# [Your objective]
In your copy of the entries below, keep every word exactly and leave out all images.

Items from a dataset
━━━

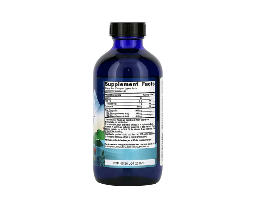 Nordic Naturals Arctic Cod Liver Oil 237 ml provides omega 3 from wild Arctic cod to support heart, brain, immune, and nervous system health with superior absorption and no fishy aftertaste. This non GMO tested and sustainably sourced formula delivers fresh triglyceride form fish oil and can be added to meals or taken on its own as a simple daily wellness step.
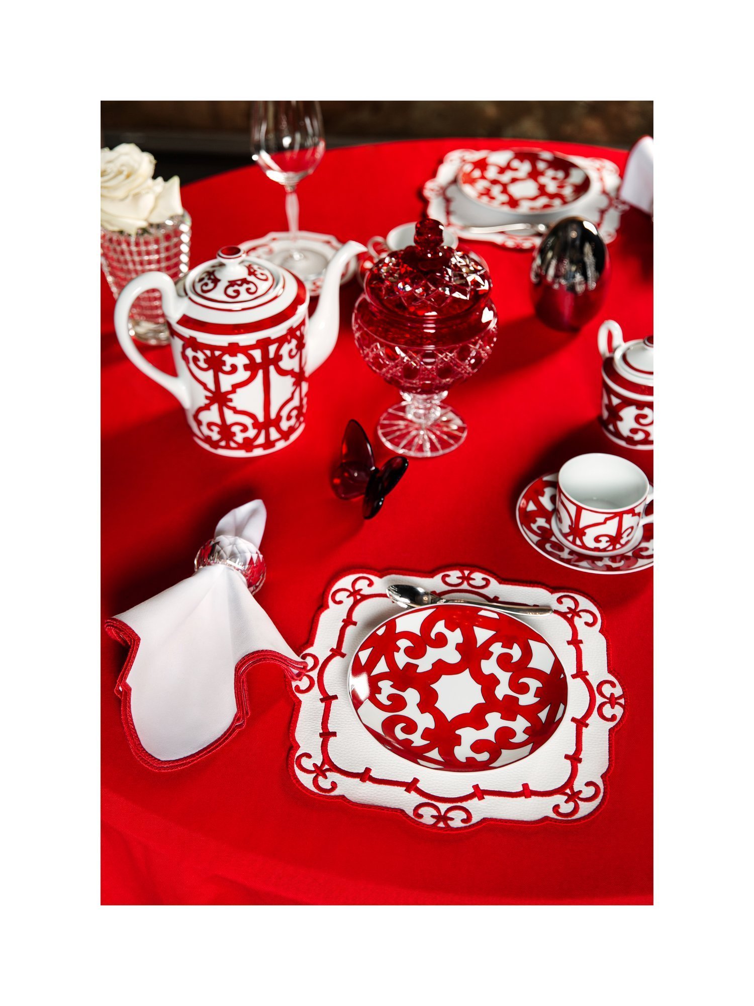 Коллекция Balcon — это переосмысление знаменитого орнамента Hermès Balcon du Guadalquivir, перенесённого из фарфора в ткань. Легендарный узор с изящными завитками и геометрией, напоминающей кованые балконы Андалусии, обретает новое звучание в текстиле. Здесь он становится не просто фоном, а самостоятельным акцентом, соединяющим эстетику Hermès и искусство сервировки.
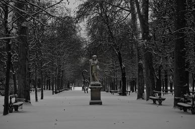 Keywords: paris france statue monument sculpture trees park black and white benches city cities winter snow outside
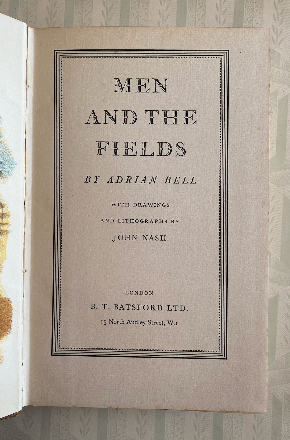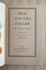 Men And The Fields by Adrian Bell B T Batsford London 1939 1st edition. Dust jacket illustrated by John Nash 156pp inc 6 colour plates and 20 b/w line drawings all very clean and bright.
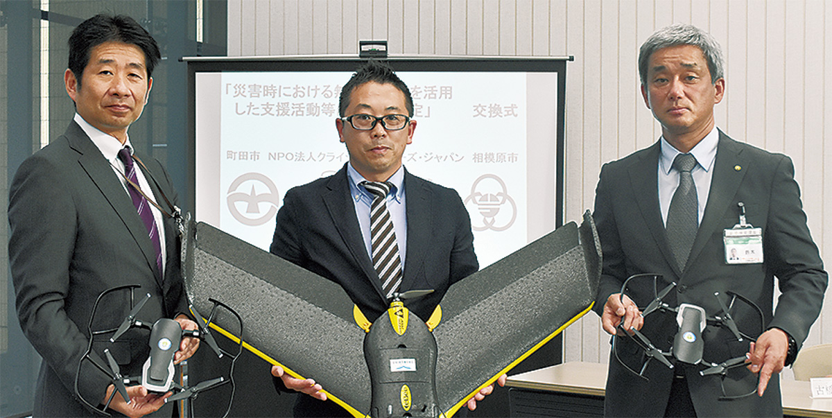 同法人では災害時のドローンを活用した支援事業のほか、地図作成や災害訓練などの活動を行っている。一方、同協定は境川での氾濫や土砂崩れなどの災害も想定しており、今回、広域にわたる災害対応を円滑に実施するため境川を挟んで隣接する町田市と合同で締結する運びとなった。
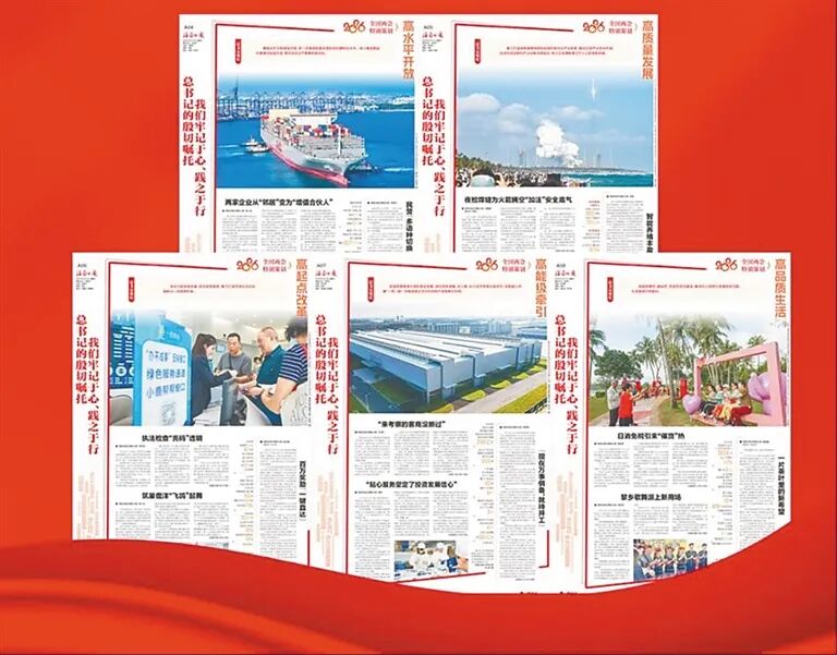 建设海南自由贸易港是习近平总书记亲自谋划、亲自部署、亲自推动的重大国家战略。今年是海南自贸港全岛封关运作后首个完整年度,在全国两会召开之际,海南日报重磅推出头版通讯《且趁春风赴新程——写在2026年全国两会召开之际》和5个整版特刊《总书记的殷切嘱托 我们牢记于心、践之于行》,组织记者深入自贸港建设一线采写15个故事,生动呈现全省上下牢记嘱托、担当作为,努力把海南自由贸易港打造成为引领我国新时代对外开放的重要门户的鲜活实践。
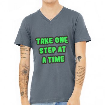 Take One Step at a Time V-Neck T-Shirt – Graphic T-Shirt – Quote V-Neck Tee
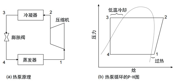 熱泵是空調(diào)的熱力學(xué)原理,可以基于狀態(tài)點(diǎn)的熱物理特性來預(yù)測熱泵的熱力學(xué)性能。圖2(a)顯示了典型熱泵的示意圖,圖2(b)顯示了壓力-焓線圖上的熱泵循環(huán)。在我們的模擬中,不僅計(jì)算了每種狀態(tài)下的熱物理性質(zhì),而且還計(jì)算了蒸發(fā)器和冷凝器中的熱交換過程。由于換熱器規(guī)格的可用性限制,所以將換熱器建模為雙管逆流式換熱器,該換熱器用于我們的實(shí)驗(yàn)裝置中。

━━━

# [Solution below]
 Nordic Naturals Arctic Cod Liver Oil 237 ml provides omega 3 from wild Arctic cod to support heart, brain, immune, and nervous system health with superior absorption and no fishy aftertaste. This non GMO tested and sustainably sourced formula delivers fresh triglyceride form fish oil and can be added to meals or taken on its own as a simple daily wellness step.
 Коллекция Balcon — это переосмысление знаменитого орнамента Hermès Balcon du Guadalquivir, перенесённого из фарфора в ткань. Легендарный узор с изящными завитками и геометрией, напоминающей кованые балконы Андалусии, обретает новое звучание в текстиле. Здесь он становится не просто фоном, а самостоятельным акцентом, соединяющим эстетику Hermès и искусство сервировки.
 Keywords: paris france statue monument sculpture trees park black and white benches city cities winter snow outside
 Men And The Fields by Adrian Bell B T Batsford London 1939 1st edition. Dust jacket illustrated by John Nash 156pp inc 6 colour plates and 20 b/w line drawings all very clean and bright.
 同法人では災害時のドローンを活用した支援事業のほか、地図作成や災害訓練などの活動を行っている。一方、同協定は境川での氾濫や土砂崩れなどの災害も想定しており、今回、広域にわたる災害対応を円滑に実施するため境川を挟んで隣接する町田市と合同で締結する運びとなった。
 建设海南自由贸易港是习近平总书记亲自谋划、亲自部署、亲自推动的重大国家战略。今年是海南自贸港全岛封关运作后首个完整年度,在全国两会召开之际,海南日报重磅推出头版通讯《且趁春风赴新程——写在2026年全国两会召开之际》和5个整版特刊《总书记的殷切嘱托 我们牢记于心、践之于行》,组织记者深入自贸港建设一线采写15个故事,生动呈现全省上下牢记嘱托、担当作为,努力把海南自由贸易港打造成为引领我国新时代对外开放的重要门户的鲜活实践。
 Take One Step at a Time V-Neck T-Shirt – Graphic T-Shirt – Quote V-Neck Tee
 熱泵是空調(diào)的熱力學(xué)原理,可以基于狀態(tài)點(diǎn)的熱物理特性來預(yù)測熱泵的熱力學(xué)性能。圖2(a)顯示了典型熱泵的示意圖,圖2(b)顯示了壓力-焓線圖上的熱泵循環(huán)。在我們的模擬中,不僅計(jì)算了每種狀態(tài)下的熱物理性質(zhì),而且還計(jì)算了蒸發(fā)器和冷凝器中的熱交換過程。由于換熱器規(guī)格的可用性限制,所以將換熱器建模為雙管逆流式換熱器,該換熱器用于我們的實(shí)驗(yàn)裝置中。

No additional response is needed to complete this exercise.